### Your goal
With pictures omitted, transcribe exactly the lines from the one containing "我们常用来做浆粑角儿的叶子,便是还没完全" to the end of the records below.

*** Information supplied Section Begins ***

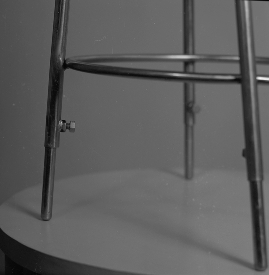 Titel: Text till bilden: "Stol. Lysekils Bleck o Plåtslageri. Ateljefoto. 1956"
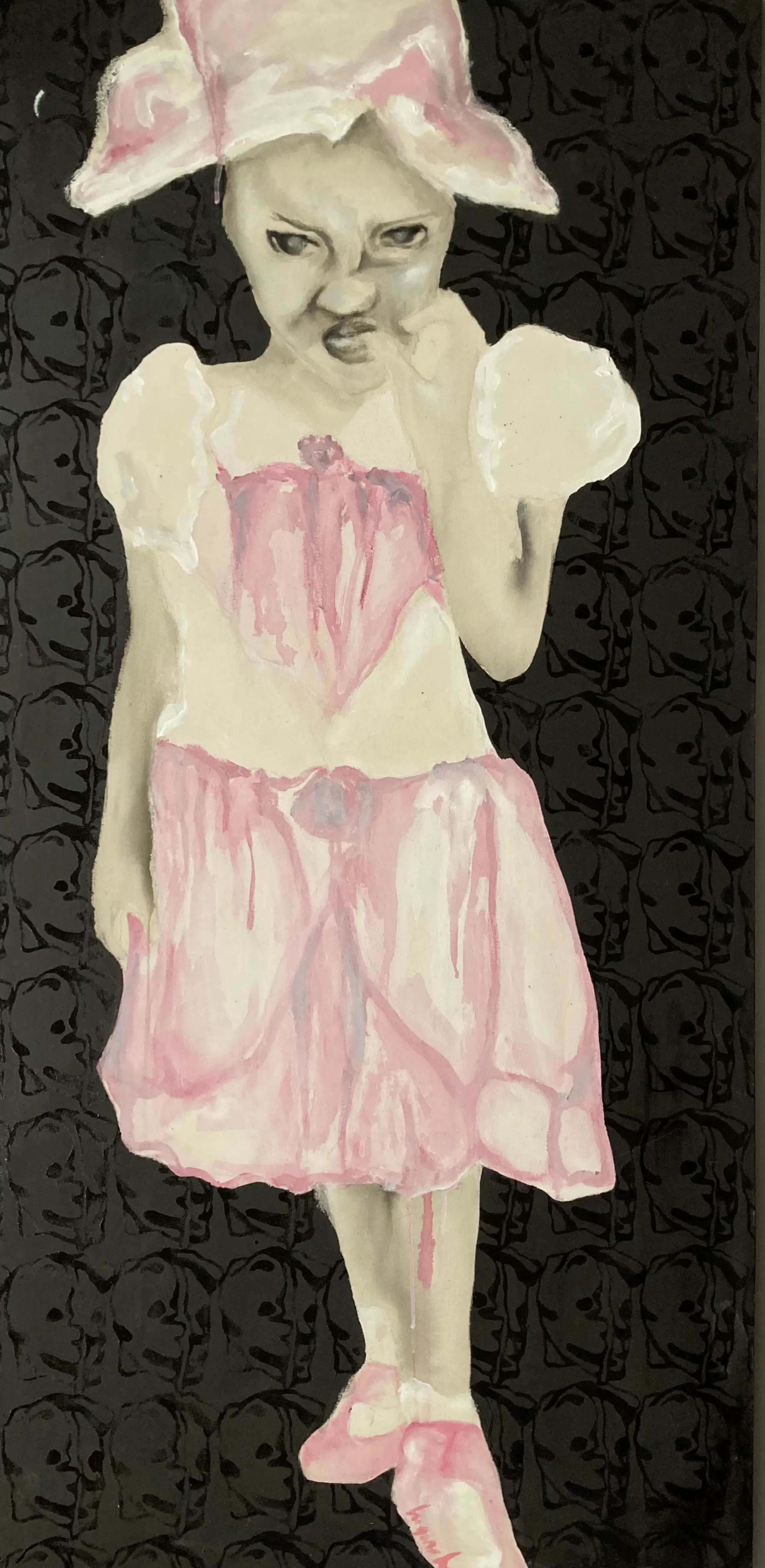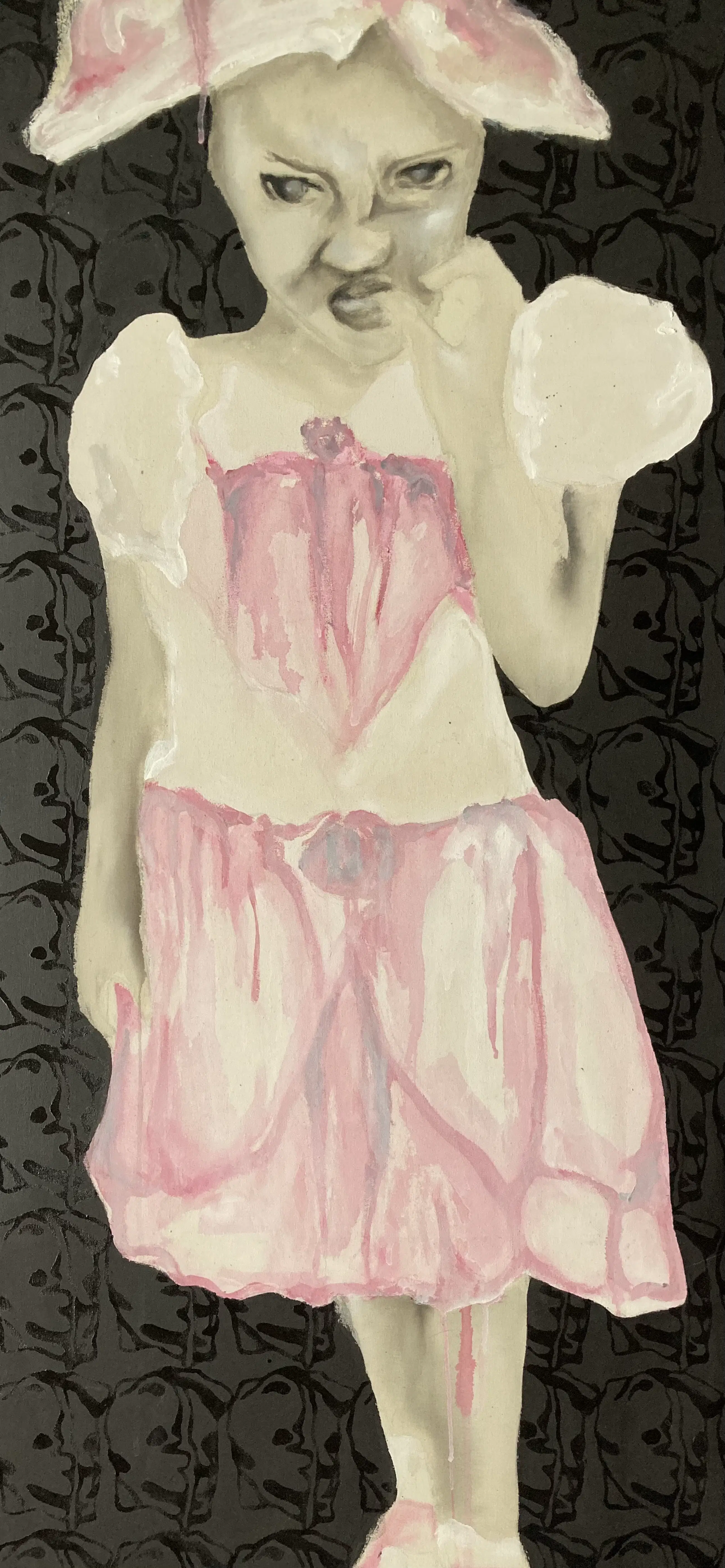 Krachtig schilderij op doek. Afbeelding van een kind tegen een zwarte achtergrond. In deze achtergrond zijn gezichten zichtbaar, met een herhaalde afbeelding. Het schilderij is met een onbekende verfsoort gemaakt. Het doet denken aan werk van Marlene Dumas. Signatuur verso is niet leesbaar. 05 is bijgeschreven. Afmeting 137 x 65 cm. Handgemaakt stevig houten raamwerk, geen lijst.
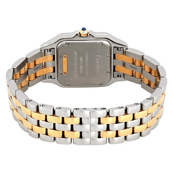 Stainless steel case with a stainless steel bracelet with 18kt yellow gold links. Fixed stainless steel and 18kt yellow gold bezel. Silver dial with blue hands and Roman numeral hour markers. Minute markers around an inner ring. Dial Type: Analog. Quartz movement. Scratch resistant sapphire crystal. Pull / push crown. Solid case back. Square case shape. Case dimensions: 29 mm x 37 mm. Case thickness: 6 mm. Hidden fold over clasp. Water resistant at 30 meters / 100 feet. Functions: hour, minute. Luxury watch style. Watch label: Swiss Made. Cartier Panthere Silver Dial Ladies Watch W2PN0007.
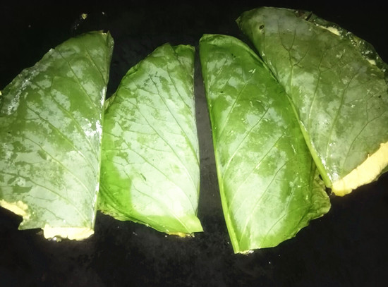 我们常用来做浆粑角儿的叶子,便是还没完全卷住的疙瘩菜叶儿,城市人叫莲花白,农家地里自己种下天然生长的又圆又大,油光柔韧。
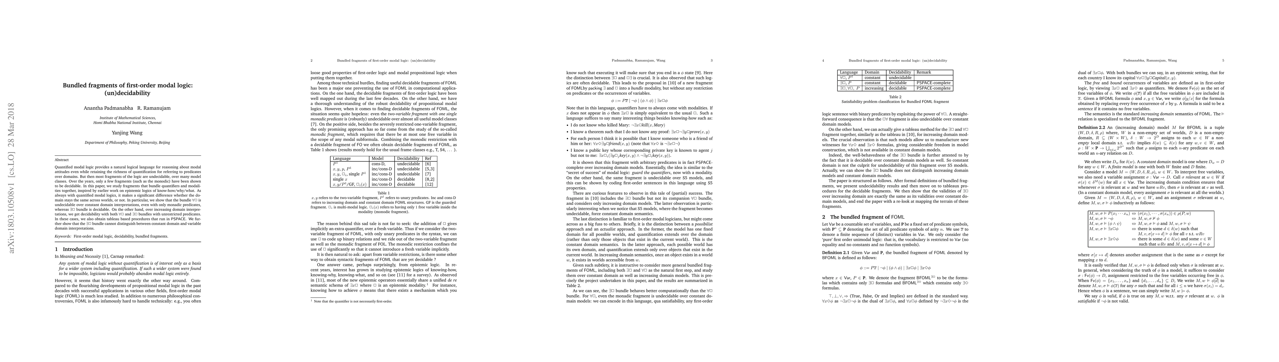 This paper explores decidability in bundled fragments of first-order modal logic, demonstrating that $\forall \Box$ is undecidable over constant domains while $\exists \Box$ is decidable. Over increasing domain interpretations, both bundles are decidable with \PSPACE procedures.
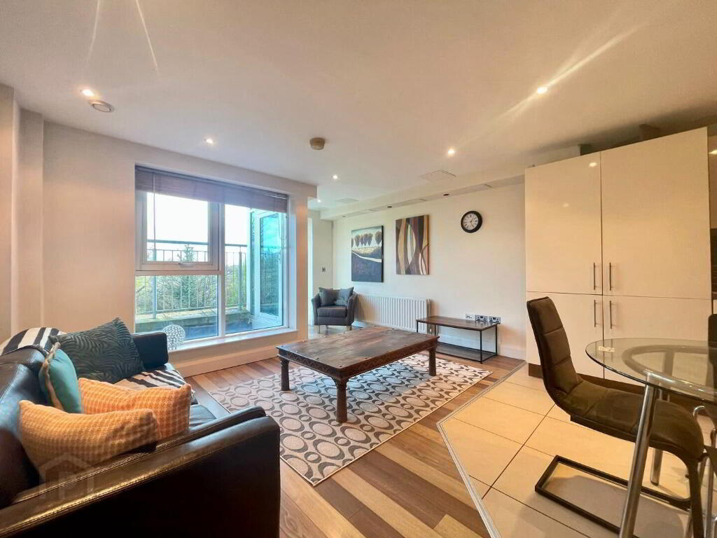 Internally the apartment has been finished to a great standard and comprises of a bright and spacious living room, with modern fully fitted kitchen and dining area. There are two sizeable double bedrooms with the master featuring an en-suite with shower and a large main bathroom with shower over bath.
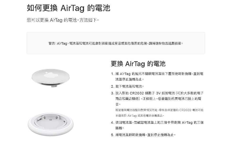 根據蘋果支援頁面,消費者更換 AirTag 的電池,需將拋光不鏽鋼電池蓋往下壓,再逆時針旋轉,取下電池蓋與電池,並且換上新的 CR2032 鋰離子 3V 鈕扣電池,若電池已接上會聽到聲音。但頁面上一排小字提醒,並非每種 CR2032 電池都適用於 AirTag:
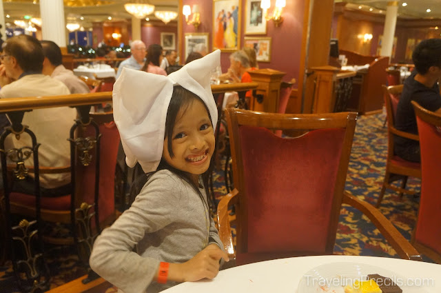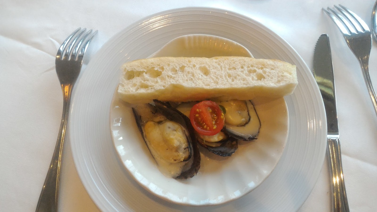 Pengalaman makan yang tak terlupakan di kapal pesiar adalah fine dining setiap malam. Setiap penumpang kapal sudah dialokasikan meja tertentu untuk makan malam. Jadwal makan malam kami setiap jam 5.30 sore di restoran Top Hat and Tails. Menunya 3 course, mulai dari hidangan pembuka, hidangan utama, dan hidangan penutup. Setiap hari menunya ganti-ganti.
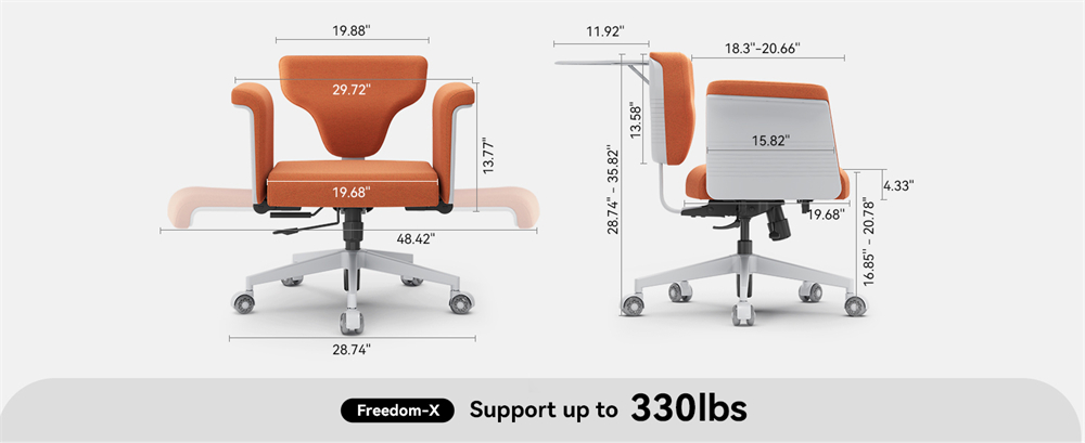 Säädettävä käsinoja kääntyy jopa 120° ja tarjoaa 8 säätötasoa. Käsinojan staattinen kantavuus on jopa 100kg. Voit istua tuolissa yhdessä lemmikin tai lapsen kanssa – Freedom-X luo lämpimiä perhehetkiä ja hauskaa yhteistä tekemistä lemmikin kanssa.
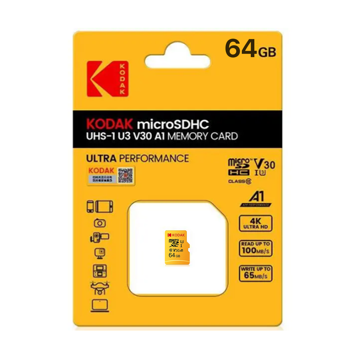 Thẻ nhớ MicroSD Kodak 64GB UHS-I U3/V30/A1 (Adapter) cung cấp dải dung lượng đa dạng, hỗ trợ tăng thêm không gian lưu trữ cho các thiết bị kỹ thuật số. Chuẩn tốc độ video V30 hỗ trợ ghi hình ở độ phân giải 4K ổn định. Tốc độ đọc dữ liệu tối đa 100 MB/s trong điều kiện tiêu chuẩn giúp việc sao chép tập tin diễn ra nhanh chóng.

*** Information supplied Section Ends ***

### Solution to this problem
 我们常用来做浆粑角儿的叶子,便是还没完全卷住的疙瘩菜叶儿,城市人叫莲花白,农家地里自己种下天然生长的又圆又大,油光柔韧。
 This paper explores decidability in bundled fragments of first-order modal logic, demonstrating that $\forall \Box$ is undecidable over constant domains while $\exists \Box$ is decidable. Over increasing domain interpretations, both bundles are decidable with \PSPACE procedures.
 Internally the apartment has been finished to a great standard and comprises of a bright and spacious living room, with modern fully fitted kitchen and dining area. There are two sizeable double bedrooms with the master featuring an en-suite with shower and a large main bathroom with shower over bath.
 根據蘋果支援頁面,消費者更換 AirTag 的電池,需將拋光不鏽鋼電池蓋往下壓,再逆時針旋轉,取下電池蓋與電池,並且換上新的 CR2032 鋰離子 3V 鈕扣電池,若電池已接上會聽到聲音。但頁面上一排小字提醒,並非每種 CR2032 電池都適用於 AirTag:
 Pengalaman makan yang tak terlupakan di kapal pesiar adalah fine dining setiap malam. Setiap penumpang kapal sudah dialokasikan meja tertentu untuk makan malam. Jadwal makan malam kami setiap jam 5.30 sore di restoran Top Hat and Tails. Menunya 3 course, mulai dari hidangan pembuka, hidangan utama, dan hidangan penutup. Setiap hari menunya ganti-ganti.
 Säädettävä käsinoja kääntyy jopa 120° ja tarjoaa 8 säätötasoa. Käsinojan staattinen kantavuus on jopa 100kg. Voit istua tuolissa yhdessä lemmikin tai lapsen kanssa – Freedom-X luo lämpimiä perhehetkiä ja hauskaa yhteistä tekemistä lemmikin kanssa.
 Thẻ nhớ MicroSD Kodak 64GB UHS-I U3/V30/A1 (Adapter) cung cấp dải dung lượng đa dạng, hỗ trợ tăng thêm không gian lưu trữ cho các thiết bị kỹ thuật số. Chuẩn tốc độ video V30 hỗ trợ ghi hình ở độ phân giải 4K ổn định. Tốc độ đọc dữ liệu tối đa 100 MB/s trong điều kiện tiêu chuẩn giúp việc sao chép tập tin diễn ra nhanh chóng.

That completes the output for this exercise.